Cantor v. Grant

Ingbahah, J.

The provisions of section 1421 of the Code, as amended in 1887, apply to this case, and required the court to grant the order substituting the indemnitors as defendants in the action in place of the defendant. The section provides for the case of one or more levies, one or more judgment creditors, and one or more bonds of indemnity, and I am inclined to think, by the modification of the section in 1887, it was the intention of the legislature to take away the discretion vested in the court by the provision of the Code in force prior to the amendment. Ho other construction of the section can give effect to the language used. Applying the decision of the court of appeals in Hein v. Davidson, 96 N. Y. 175, I do not see how this section can be said to be unconstitutional. By section 1423 of the Code, the court is authorized, in its discretion, to require the indemnitors to furnish additional security to the plaintiff; and I think, in this case, the indemnitors should execute and file a bond to the plaintiff conditioned for the payment of any judgment that the plaintiff may obtain in this action, the penalty of the bond to be the amount claimed by the plaintiff in the complaint.
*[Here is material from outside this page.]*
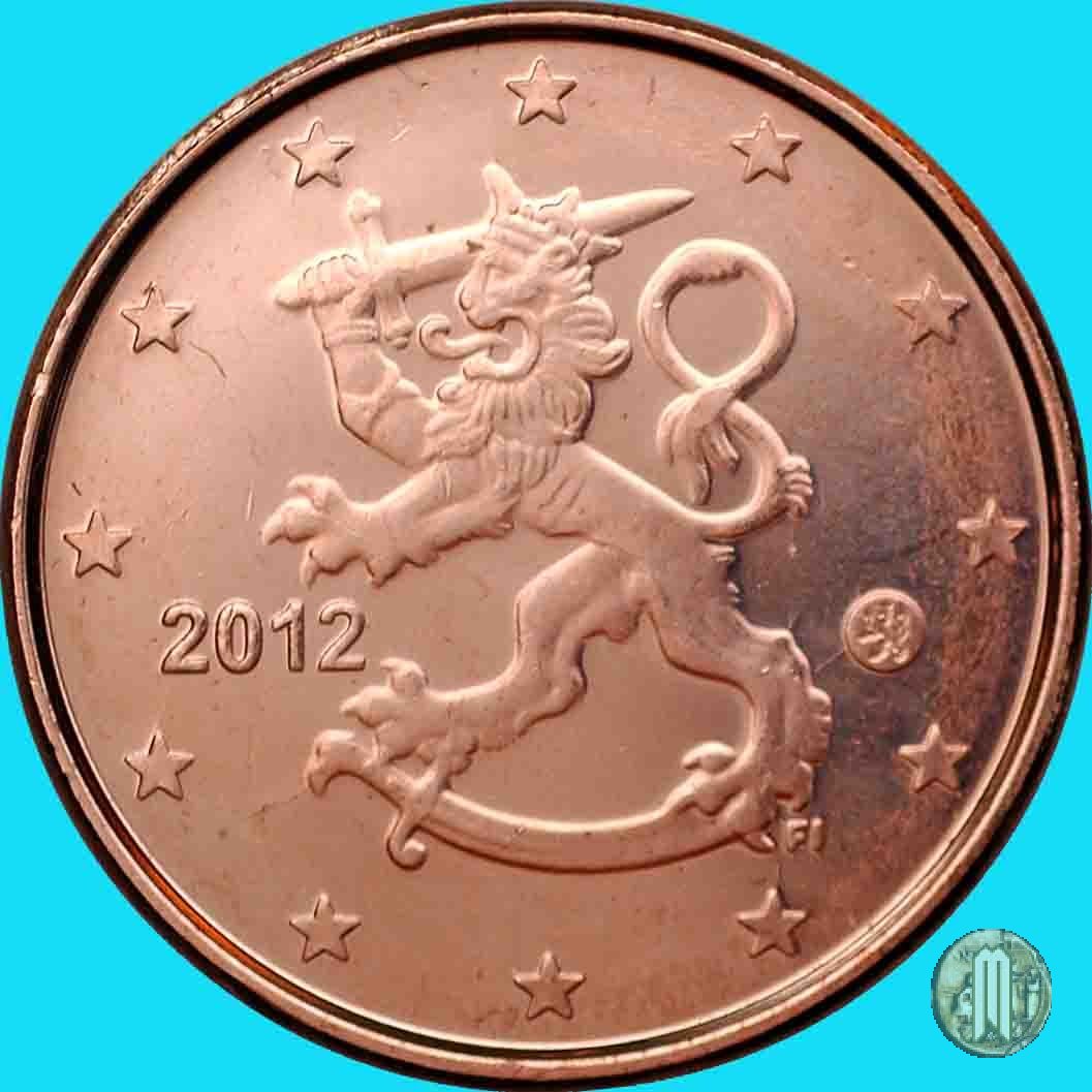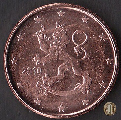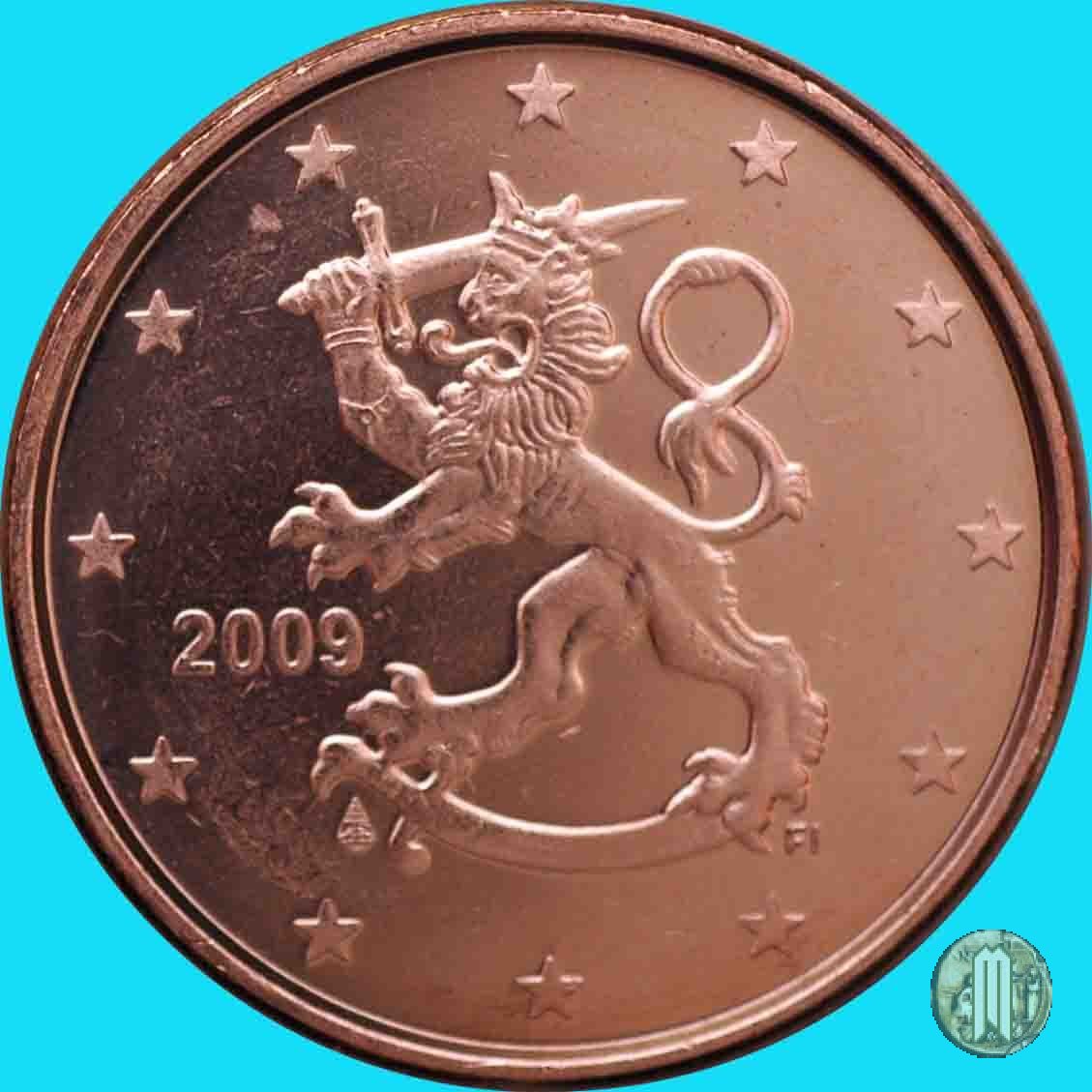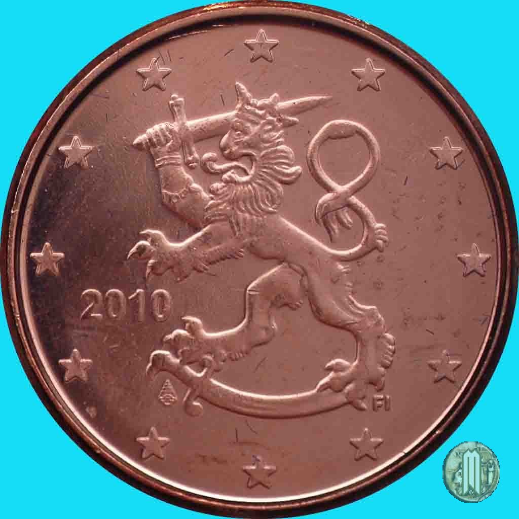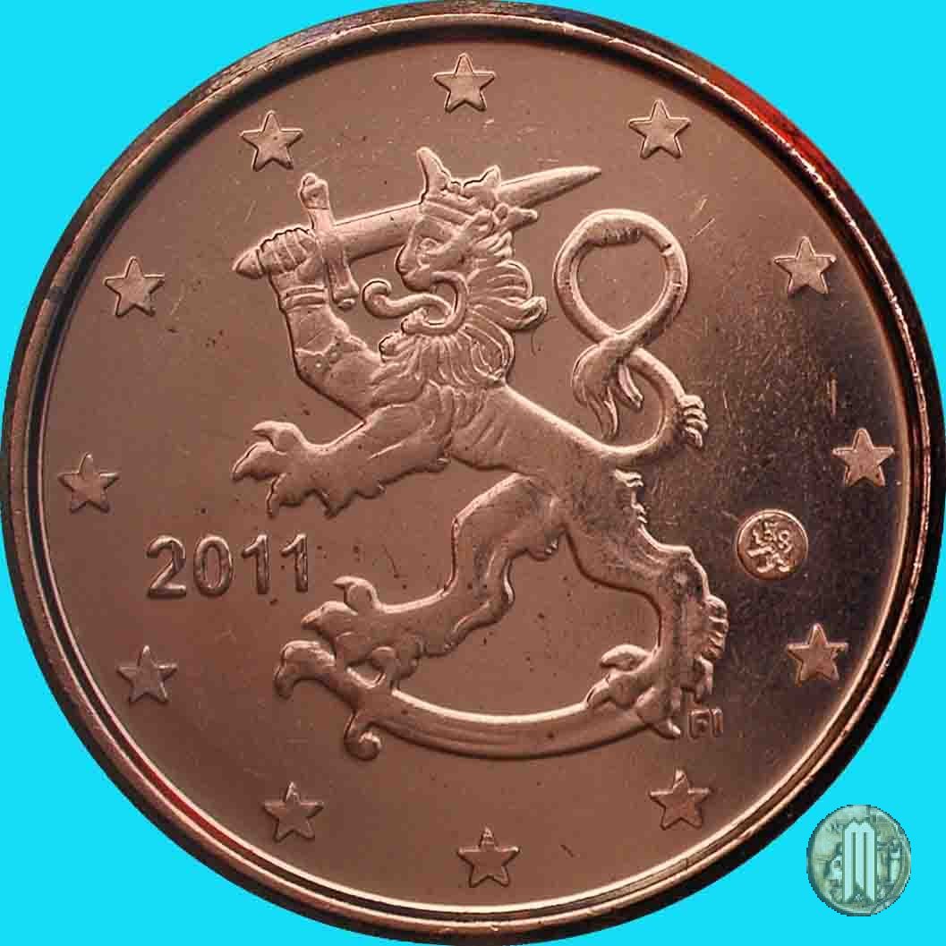 Il Leone Araldico, simbolo dello stato, a sx del quale è il millesimo di conio. Sotto l'elsa della spada "M" (Direttore Zecca Makkonen Raimo). Intorno le 12 stelle simbolo della UE. Autore: Heikki Haivajoa.

It does not appear, however, that any levies were actually made under any of the executions, except the execution of the creditors, who realized some portion of the proceeds of the property levied upon; and the only persons who should be made defendants to this action are the five judgment creditors and their indemnitors, to whom the proceeds of the property levied upon were subsequently paid. The motion will therefore be granted, and the five judgment creditors who received the proceeds of the property, and their indemnitors, be made defendants in this action in the place of the sheriff, and such indemnitors be required to give a bond as before specified. Order to be settled on notice.